Tag Archives: James Burton

Give some to the bass player, part 1 – California Dreamin’ by the Mamas & the Papas

For years I disdained straight eights with a convert’s zeal.

I started playing bass at around 14 when it became clear that my high school friends did not want another guitar player in their band but needed someone to play bass. If I wanted to be in a band, and I did, bass it would be.

We played Nirvana covers and our own songs in that style, so the bass lines were very often nothing but straight eights, just the roots. A one-string version of the guitar part, an octave down – the simplest way to play bass. It worked for Krist Novoselic, it worked for Kim Deal.
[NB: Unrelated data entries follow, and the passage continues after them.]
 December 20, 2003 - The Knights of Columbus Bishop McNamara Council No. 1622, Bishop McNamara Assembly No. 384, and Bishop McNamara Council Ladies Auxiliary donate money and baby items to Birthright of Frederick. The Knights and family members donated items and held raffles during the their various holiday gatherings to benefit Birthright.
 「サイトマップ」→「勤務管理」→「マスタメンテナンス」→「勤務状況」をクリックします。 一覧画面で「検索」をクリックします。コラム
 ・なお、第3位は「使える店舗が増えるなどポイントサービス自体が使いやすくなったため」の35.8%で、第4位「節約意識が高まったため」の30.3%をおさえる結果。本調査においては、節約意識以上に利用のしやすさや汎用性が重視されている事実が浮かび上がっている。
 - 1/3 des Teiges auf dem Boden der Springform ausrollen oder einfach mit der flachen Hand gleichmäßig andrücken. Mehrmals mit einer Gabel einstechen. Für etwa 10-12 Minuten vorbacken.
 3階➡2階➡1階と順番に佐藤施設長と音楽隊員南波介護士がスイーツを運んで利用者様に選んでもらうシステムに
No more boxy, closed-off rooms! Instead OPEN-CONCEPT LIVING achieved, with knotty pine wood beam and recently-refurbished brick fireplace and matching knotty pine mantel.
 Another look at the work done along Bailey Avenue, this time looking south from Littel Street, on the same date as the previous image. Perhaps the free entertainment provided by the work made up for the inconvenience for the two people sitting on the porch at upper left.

I was familiar with a few bass players who did more (people such as Colin Greenwood, Mike Mills, Leslie Langstone), but it was never really necessary for me to learn how to play like that.

Locking in to the kick and playing with fingers was something I learned later (when I played in a country/folk band called Great Days of Sail with my friend Yo Zushi) and to this day, even though I know I keep better time playing eights with a pick, I always approach a new song without a pick, and start by locking in with the kick and seeing how that sounds.
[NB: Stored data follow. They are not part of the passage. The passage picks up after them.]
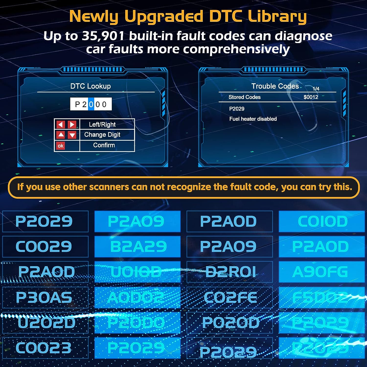 • ✔35,901 DTC Lookup: ZM201 car code reader built-in 35,901 DTCs, the old model obd2 usually only have 3,000-10,000. So the ZM201 car scanner has a huge advantage, which means that this obd2 scanner can better help diagnose and solve your vehicle faults. This is a great option if you want to replace or upgrade an existing car scanner.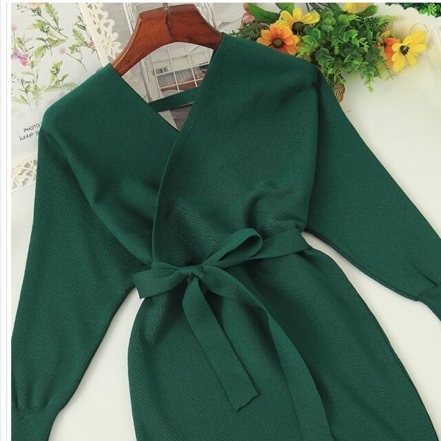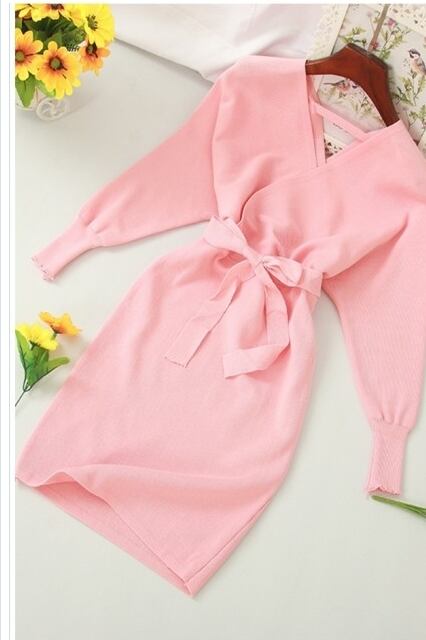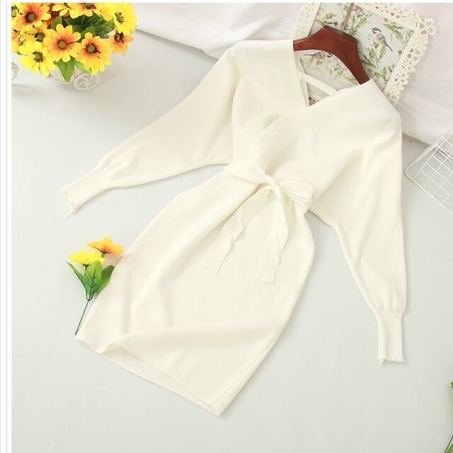 大人可愛い チュニック ワンピース ニット ワンピース カシュクールニットワンピース ぽわん袖 バルーンスリーブ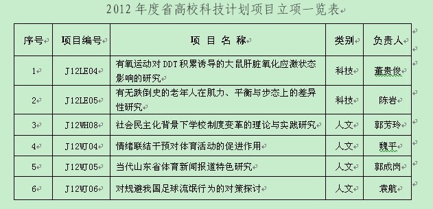 近日,省教育厅公布了2012年山东省高等学校科研发展计划评审结果,我院6项课题获得立项,其中科技项目2项,社科项目4项。立项名单见下表。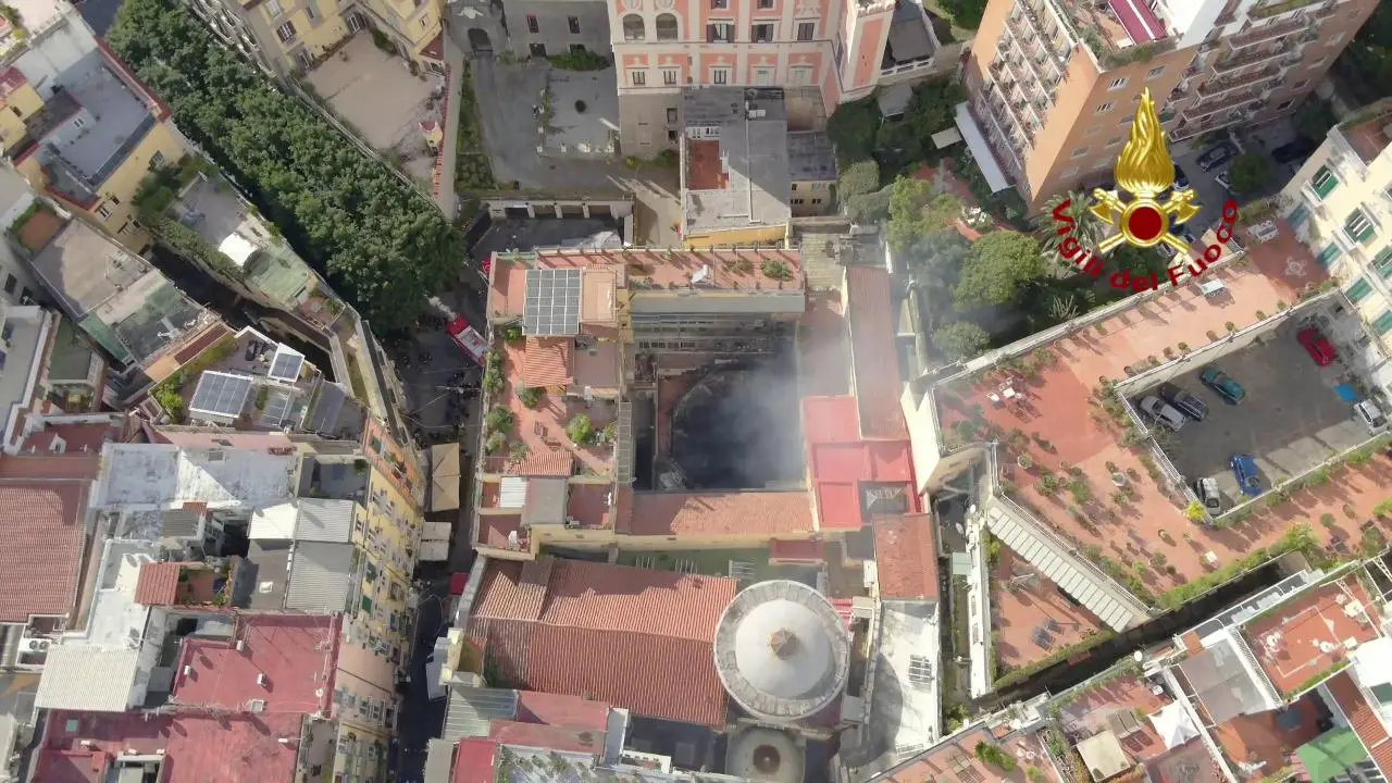 Nelle immagini, cosa resta del teatro Sannazaro dopo l'incendio sviluppatosi nella notte. Le riprese aeree realizzate dai vigili del fuoco utilizzando un drone restituiscono la vastità della devastazione.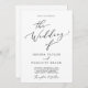 Ce délicat faire-part de mariage de calligraphie noire à l'avant et à l'arrière est parfait pour un mariage moderne. Le design minimaliste romantique présente une belle et élégante typographie noire sur un arrière - plan blanc au look épuré et sobre. Enregistrez du papier en incluant les détails au verso du faire-part de mariage plutôt que sur une carte de boîtier séparée. Inclure également les informations RSVP si votre invité répondra par voie électronique (facultatif).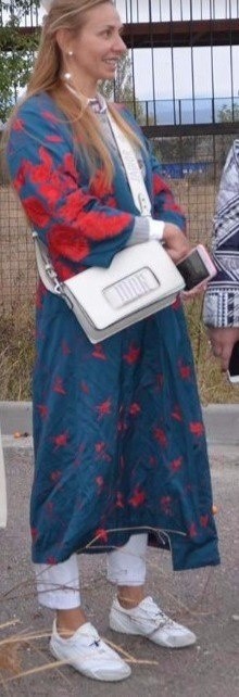 В таком образе ее заметили во время посещения сафари парка «Тайган». Очевидцы отмечали некоторую безвкусицу и простоту в образе жены пресс-секретаря главы государства.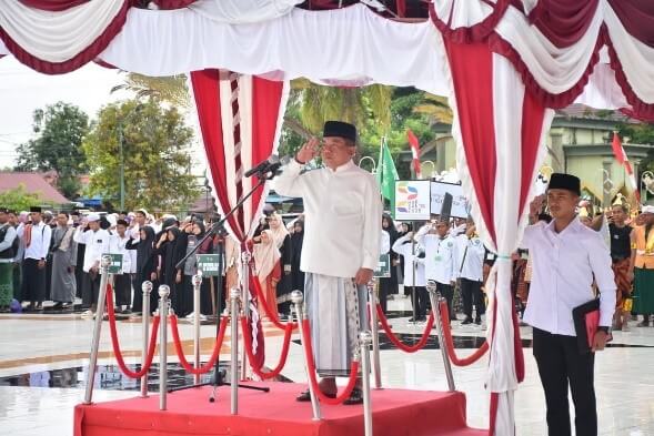 Kuala Kapuas, Nusaborneo.com – Peringatan Hari Santri Nasional (HSN) Tahun 2025 di Kabupaten Kapuas berlangsung khidmat dan penuh makna. Kegiatan yang digelar di Halaman Masjid Agung Al Mukarram Kapuas pada Rabu (22/10/2025) itu dipimpin langsung oleh Bupati Kapuas, H. M. Wiyatno, sebagai Inspektur Upacara.

It’s needless purism. Plenty of truly great bass players have been primarily (or even exclusively) pick players: Carol Kaye, Paul McCartney, Rick Danko and Joe Osborn to name just a very few. Joe Osborn is a studio bassist, one of the so-called Wrecking Crew who played sessions in LA and New York for Phil Spector and artists like the Beach Boys, the Mamas & the Papas, the Carpenters, the Monkees and Simon & Garfunkel. These folks – a loose network rather than a tight and consistent unit – were some of the best in the business: drummers including Earl Palmer, Hal Blaine and Jim Gordon; bassists like Osborn, Carole Kaye and Jimmy Bond; guitarists Glen Campbell, James Burton and Barney Kessel; the list goes on. Heavy-duty players.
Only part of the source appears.